# Mortice and tenon jig



## Dalboy (9 Oct 2008)

has any one got or used a Trend mortice and tenon jig and what do you think of it :?:


----------



## maltrout512 (9 Oct 2008)

Not used one but it looks ok. Does look like it has its limits in respect that it can ownly do mortice and tenons and just for that I think it's expensive. I have had a Woodrat for about 7 years and wouldn't use anything else. Although it is costly to start with it does more than just mortice and tenons.


----------



## Dalboy (9 Oct 2008)

Maltrout512

unfortunately the woodrat a bit out of my pocket according to the write up the trend jig does dowling as well i'm going to look at one the weekend just thought i would get some feed back first from people who have used one but thanks for the imput would love a woodrat from all the reports i've heard


----------



## wizer (9 Oct 2008)

Have a look at this thread.

https://www.ukworkshop.co.uk/forums/view ... ortice+jig

The basic consensus was that it wasn't great. At that time I resisted the advice to built my own. But since then I realised that unless you can afford the Leigh FMT, which is fantastic, then you should build your own or make M&T's the more traditional ways (morticer, bandsaw etc)


----------



## Dave S (9 Oct 2008)

wizer":1az9yy25 said:


> Have a look at this thread.
> 
> https://www.ukworkshop.co.uk/forums/view ... ortice+jig
> 
> The basic consensus was that it wasn't great. At that time I resisted the advice to built my own. But since then I realised that unless you can afford the Leigh FMT, which is fantastic, then you should build your own or make M&T's the more traditional ways (morticer, bandsaw etc)

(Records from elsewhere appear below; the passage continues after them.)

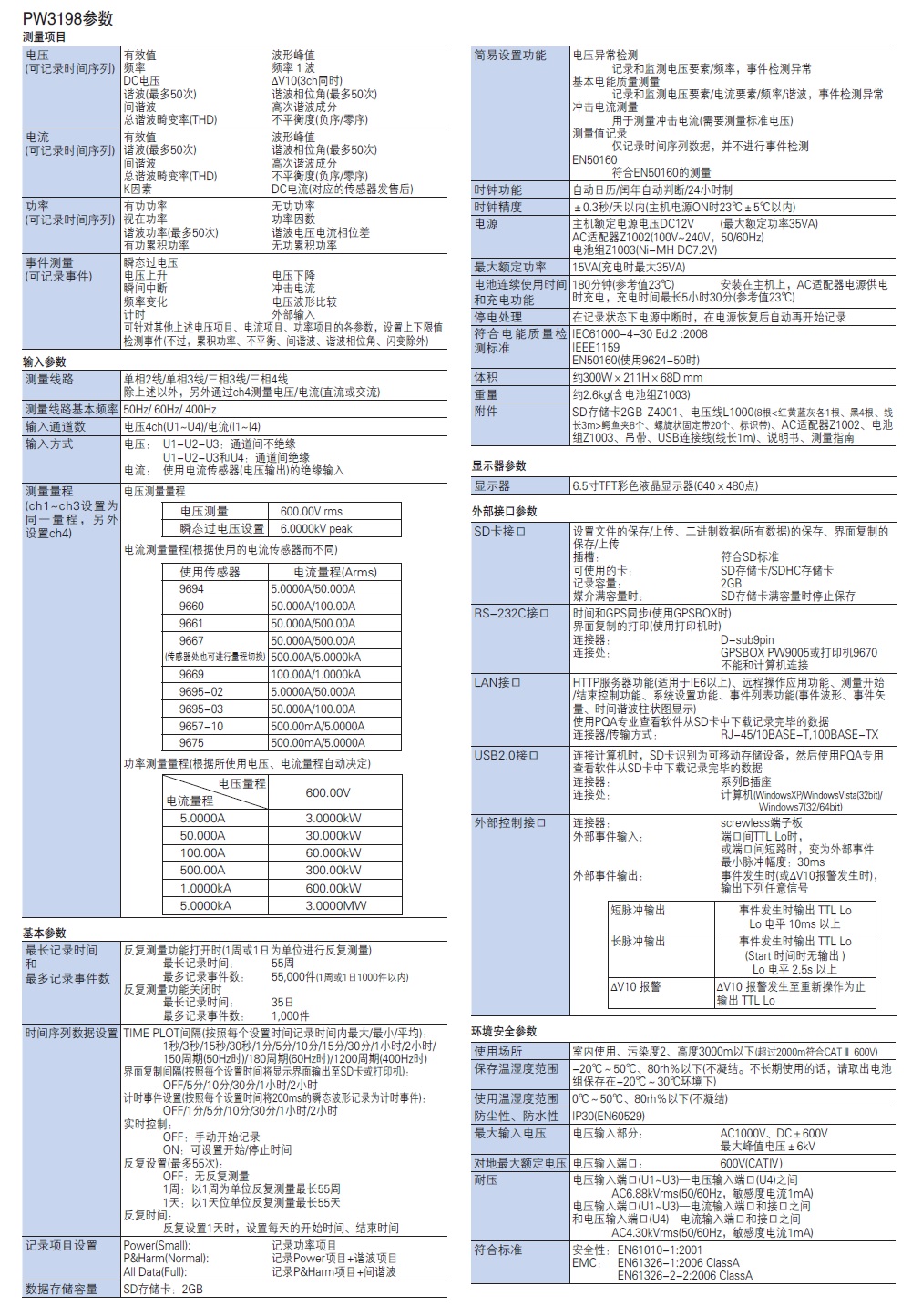 PW3198主机无法单独测量电压。需要另外购买用于电流、功率测量的前世传感器。若需要用计算机分析保存在SD卡中的测量数据并制作报告,需要另外购买软件9624-50。
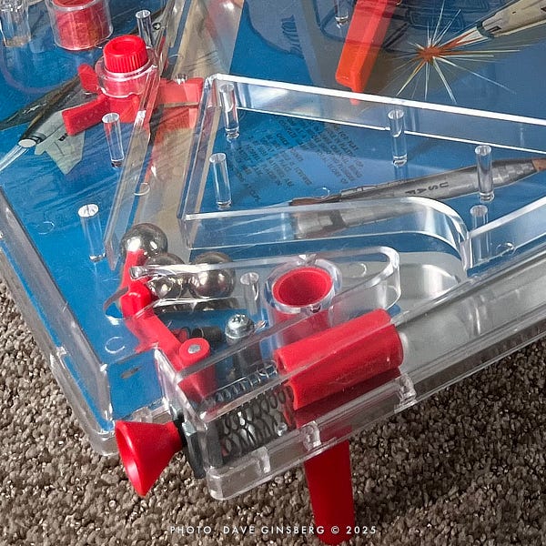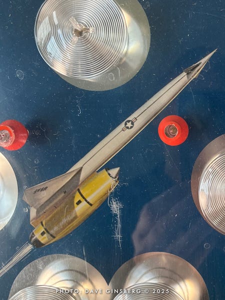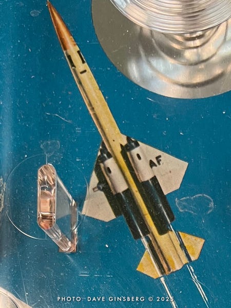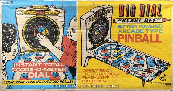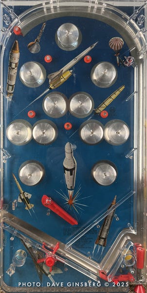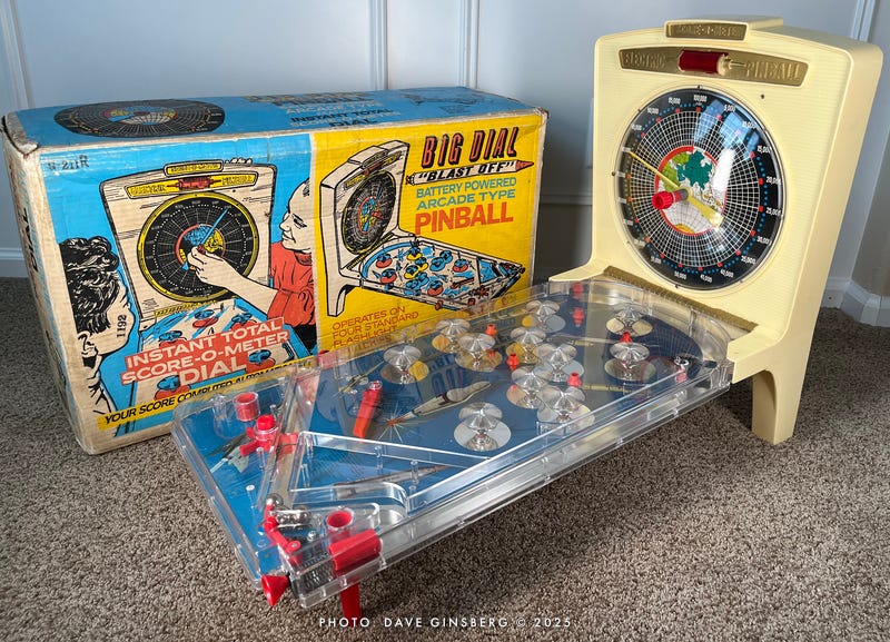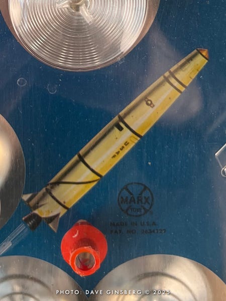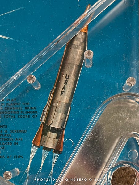 Thus is the case with the Marx Big Dial Blast Off Pinball game. Its theme is set squarely in its time of 1968, and extends into its own past by a decade or so. What was then a showcase of contemporary Cold War missiles, spacecraft and aircraft, now has become an object of historical interest of times gone by.
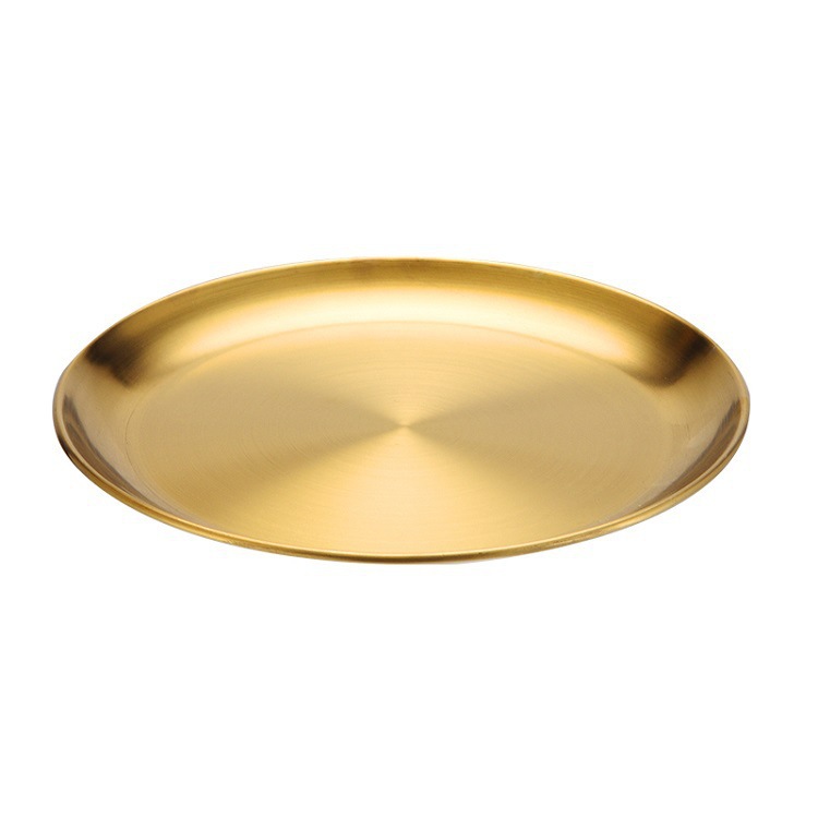 韩式不锈钢圆盘家用碟子金色水果甜品沙拉蛋糕菜盘不锈钢餐盘批发¥1.45立即购买

That reminds me - I was going to dig out the pics of the homebuilt version of the Trend jig. :roll:


----------



## neilyweely (9 Oct 2008)

Dave S
When you do (dig it out) I will be interested to see it. have been considering m+t's for the kitchen units, rather than the normal router cut rail and stiles.

have never used a router table to cut my m+t's b4, so would appreciate all the help i can get. gotta go, have crying baby in hand.

cheers

neil


----------



## Derek Willis. (10 Oct 2008)

Nielywheelie,
Soory to but in, but, have you seen my mortise jig and my tenoning method, both in jigs and tips.
derek.


----------



## Dave S (10 Oct 2008)

I've posted in Tarkin's original thread all the pictures of his jig. Hope they are useful.

Dave


----------



## Dalboy (16 Oct 2008)

OK stand back in horror I did buy the trend jig after reading the reports after looking at the home made Jigs on the site which do the exact same job. But then I only paid £65 for it including a trend set of 5 router bits (which are the correct ones for the jig) I would not have paid the full price as that is way over the top. I thank everyone who replied to this thread for their input


----------



## Benchwayze (15 Nov 2008)

When I use a router to cut mortices, (esp in hardwoods) I use Engineers' end-mill cutters. You can buy them without the thread on the shank, so no danger of damaging collets. 

The only drawback is that they are continuous diameter, so for a 3/8" cutter, you need to buy a 3/8" collet. I use three, 1/4", 3/8" and 1/2" and for wider mortices I just make another cut.

The advantage of these cutters is their extremely clean cut, the completely flat bottom of the mortice and, size for size, once you have the 3/8" collet, they are less expensive than TCT shanked router cutters. Just as with the Wood-Rat's HSS cutters, they last surprisingly well.


----------